Question: Alex needs to borrow $\$10,\!000$ from the bank. The bank gives him two options.

1. A ten-year loan with an annual interest rate of $10\%$ compounded quarterly, with the condition that at the end of 5 years, Alex must make a payment equal to half of what he owes.  The other half continues to accrue interest, and at the end of the ten years, Alex will pay off the remaining balance.

2. A ten-year loan with a simple annual interest rate of $12\%$, with just one lump-sum payment at the end of the ten years.

Find the positive difference between the total amounts Alex has to pay back under the two schemes.

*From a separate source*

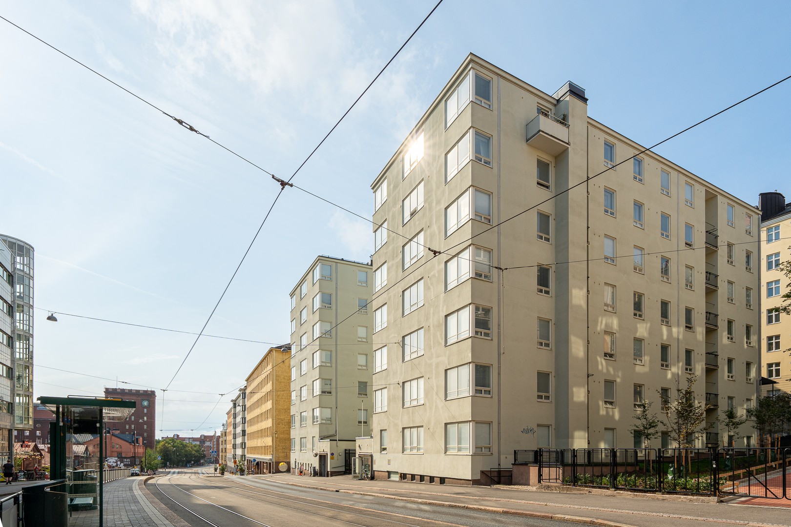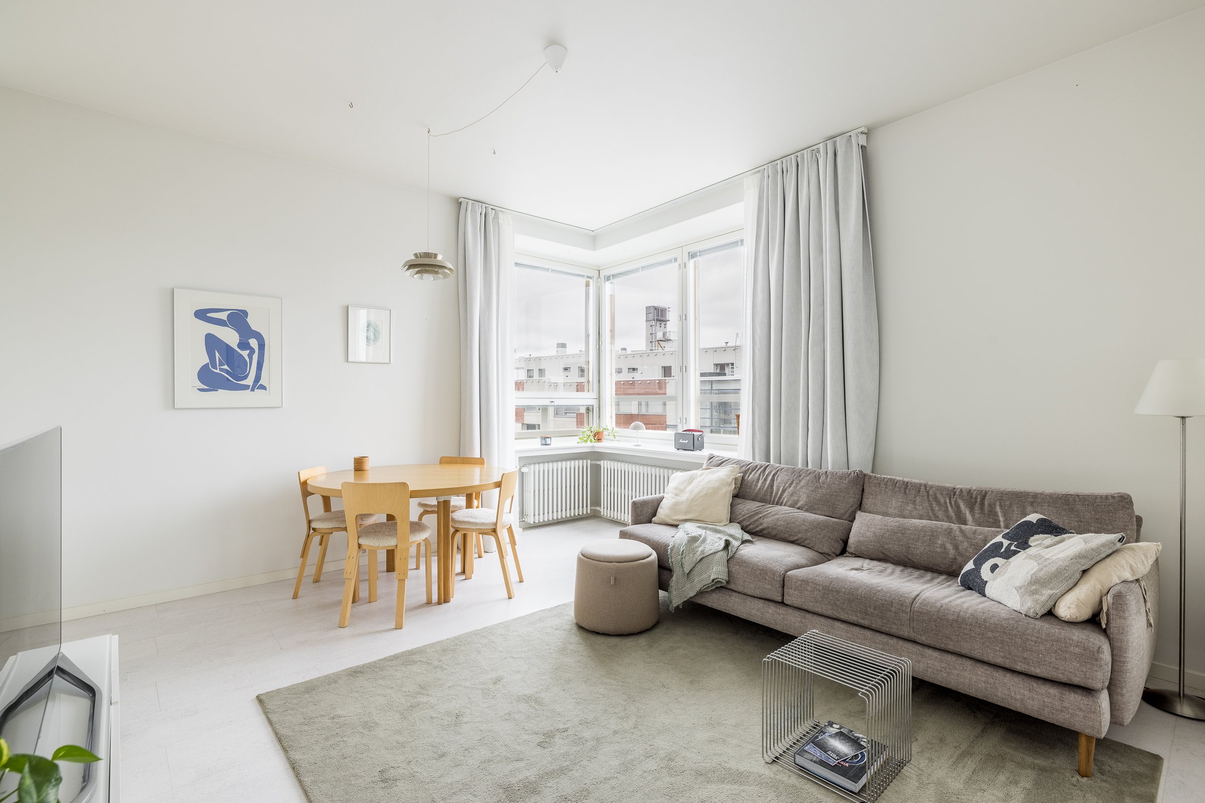 Uniikki ylimmän kerroksen valoisa kulmahuoneisto on rauhaisa ja hiljainen. Huonekorkeus on lähes kolme metriä ja luonnonvaloa jokaiseen huoneeseen tuovat valtavat ikkunapinnat. Asunto on täysin remontoitu LVIS-remontin yhteydessä pintamateriaaleja ja talotekniikkaa myöten.

Round your answer to the nearest dollar.
Explanation: For the compounded interest, we use the formula $A=P\left(1+\frac{r}{n}\right)^{nt}$, where $A$ is the end balance, $P$ is the principal, $r$ is the interest rate, $t$ is the number of years, and $n$ is the number of times compounded in a year.

First we find out how much he would owe in $5$ years, which is $$\$10,\!000\left(1+\frac{0.1}{4}\right)^{4 \cdot 5} \approx \$16,\!386.16$$

He pays off half of it in $5$ years, which is $\frac{\$16,\!386.16}{2}=\$8193.08$ He has $\$8193.08$ left to be compounded over the next $5$ years. This then becomes $$\$8193.08\left(1+\frac{0.1}{4}\right)^{4 \cdot 5} \approx \$13,\!425.32$$

He has to pay back a total of $\$8193.08+\$13,\!425.32=\$21,\!618.40$ in ten years if he chooses the compounding interest.

For the simple interest, he would have to pay $0.12 \cdot 10000=1200$ dollars per year. This means he would have to pay a total of $10000+10 \cdot 1200=22000$ dollars in ten years.

Therefore, he should choose the compounded interest and save $\$22000-\$21618.40=\$381.6 \approx \boxed{382 \text{ dollars}}$.